第319話 嘉兵衛は、政所人事の刷新を要求する
永禄8年(1565年)4月中旬 近江国観音寺城 松下嘉兵衛
摂津中務大輔が死んだという知らせが届いた。三好家から義元公の椀に毒が入っていたという報告も幕府に届いているようで、使者としてやってきた細川兵部殿はその摂津が独断でやったことだと言って幕引きを図ってきた。
「いやあ、摂津殿は何かと小煩かった某も殺そうとしていたようでしてな。あの時咄嗟に椀をすり替えたからこそ助かりましたが……」
「左様でしたか。いやあ、謎がひとつ解けてスッキリしましたな」
「ですので、お分かりであろう?全て摂津殿が仕組んだことで、御所様並びに幕府は一切あずかり知らぬという事は……?」
「そうですねぇ……」
しかし、あの事件の直後ならばこの言葉に騙されていたかもしれないが、すでに手元にあらゆる情報が集まっている現状では意味をなさない。お茶を啜りながら、こちらからも話を切り出してみた。
「そういえば、此度の摂津殿のはかりごとに……貴殿の兄上も関わっていたようですな?」
「な……何を言われるかと思えば、そのようなことは……ははは!」
少し前に二条御所で兵部殿とその兄、三淵弾左衛門殿の間で交わされた会話も、その内容までもが主水から届いた報告書に記されていたのだ。いつものとおり、二条御所に出入りする庭師から聞いたと、その兄の友達の従弟が通っている芸者からの情報だとして。
「それにしても、朝倉と浅井ですか。誠に我ら今川を侮られていますな……」
「お、お待ちを!それも含めて摂津が勝手にやった事にて。御所様は何もご存じではありませぬ!」
もちろん、主水の情報だから、真偽の確度は不明であったが……シレっと兄を見捨てたこの兵部殿の回答とその焦った表情を見れば、正解だったという事だろう。なので、俺は準備していた要求を兵部殿に突きつけた。
それは、反三好派の巣窟となっている幕府・政所の人事刷新だ。
「詳しい人選はこちらに記してあります。どうか、お認め戴きますよう……」
差し出した書状には、摂津中務が務めていた執事には松永右衛門佐殿、その補佐役たる執事代に今川家から謹慎を解かれた孕石主水の名が記されている。もちろん、「何故主水が?」と思わないでもないが、やつの人脈づくりから始まる情報収集能力は侮る事ができないというのが義元公のご判断だ。
つまり、今川家としては、幕府内部の正確な情報を掴む事に、今の時点では重きを置きたいという話なのだ。
「もし、断れば……?」
「今川家は副将軍の職を返上し、幕府と手を切ります。よって、仮に三好家が御所に攻め込んだとしても、お助けする事はありません。この近江で様子眺めをするだけにございます」
まあ、個人的には義輝公との友誼があるから、史実のように死んでほしいとは思っていないが、やはりそれは俺個人の話に留まる。勝手な事はできない。
だからこそ、提案を呑んでほしいと願うが、兵部は持ち帰って検討するという回答に留めた。
「流石にこのような重大事は、某の一存では決めるわけにも参りませぬゆえ……」
「わかっております。ですが、いたずらに返答を先送りなさるのはよろしくないかと?」
「それは……何かあるのですかな?」
「三好家の暴発です」
俺が知る史実だと、三好の軍勢が義輝公の御所を襲撃するのは確か来月か再来月だったはずだ。そのどちらだったかまでは覚えていなかったけど、ゲームでこのタイミングでイベントが起きていたはずだ。
それゆえに、三好家の留飲を早く下げておかなければ、史実通りの展開になって義輝公は命を落とすのではないかと心配しているのだ。もちろん、その事は言えないけど。

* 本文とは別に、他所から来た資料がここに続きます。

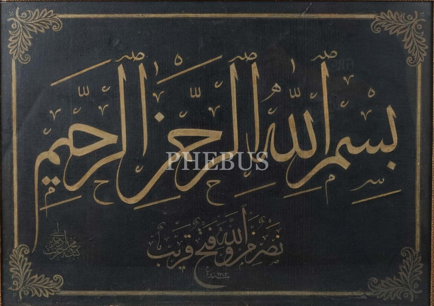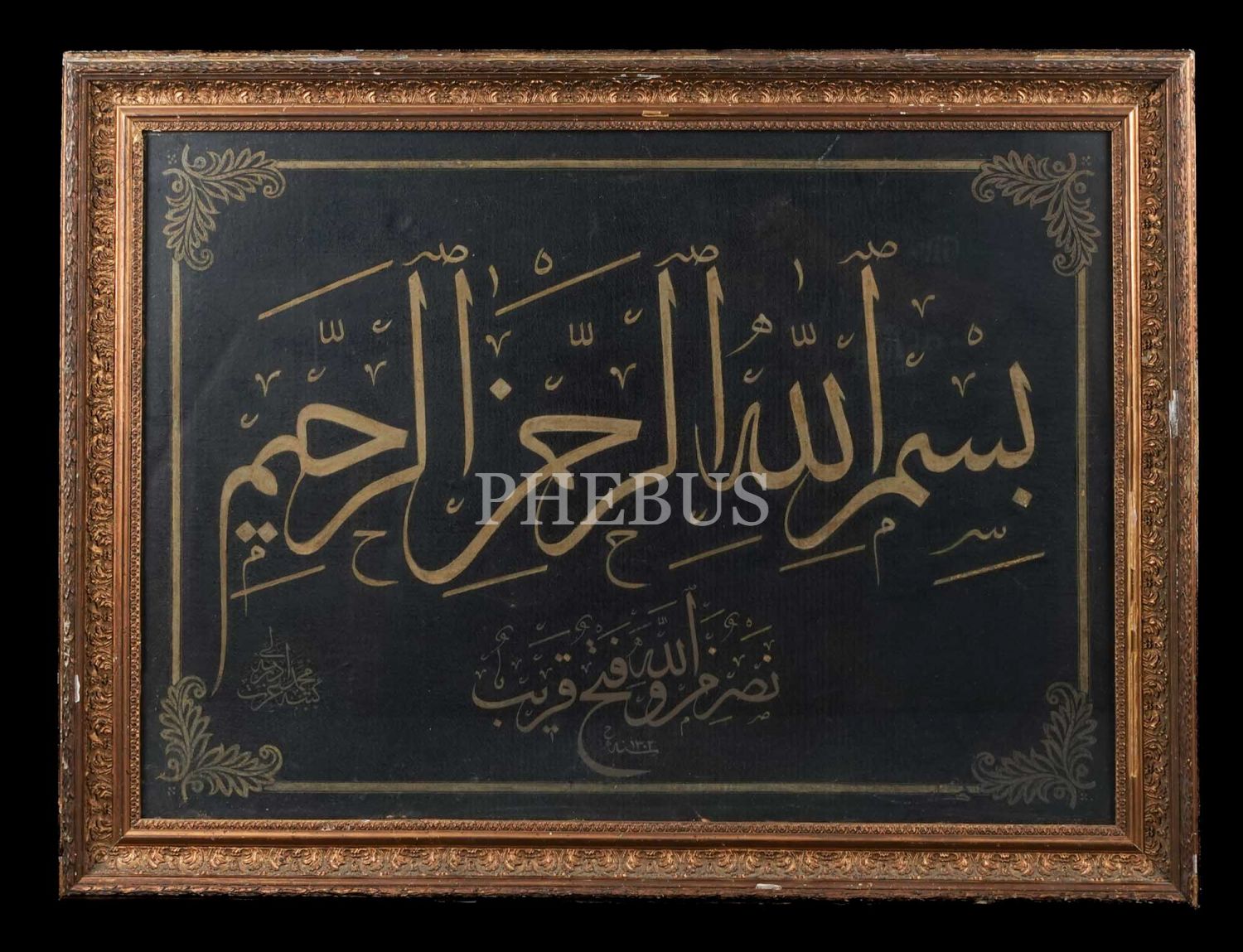 Celi sülüs besmele ve "Allah katından bir yardım ve yakın bir fetih" manasındaki ayet-i kerime: "Nasrun min Allahi ve fethun garîb."
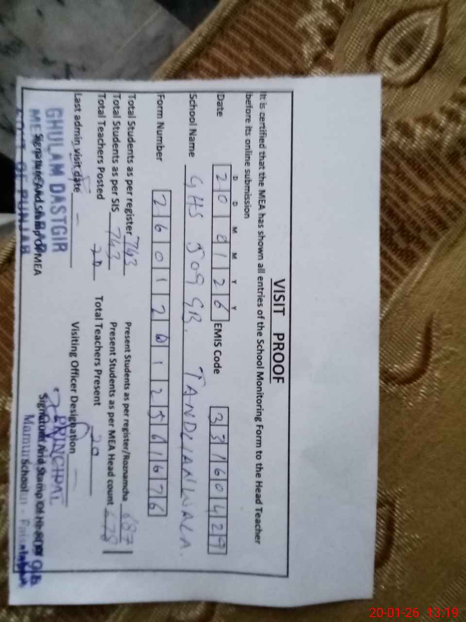 | EMIS Code: 33160429 | Name of School: GHS CHAK 509 GB MAMUNKANJAN FSD | |||

「つまり、大蔵殿はこの要求を呑まなければ、三好の軍勢が本当に御所を襲うことになりかねないと?」
「そうならなければよろしいのですが、此度の一件で三好家……特に日向守殿などは怒りを露わにされて厳しい対応を求めているとか。今のところは、我らの存在がありますから思い止まられておられるようですが、それもいつまで持つか……」
今回の要求を仮に幕府が蹴れば、今川家がどうこうというよりは三好家の側への一つのメッセージになりかねないと俺は思う。幕府はこれまで通り、三好家を敵視する姿勢を継続するという、危険なメッセージだ。
だからこそ、ここでお互いに踏み止まってもらいたいと願うばかりだ。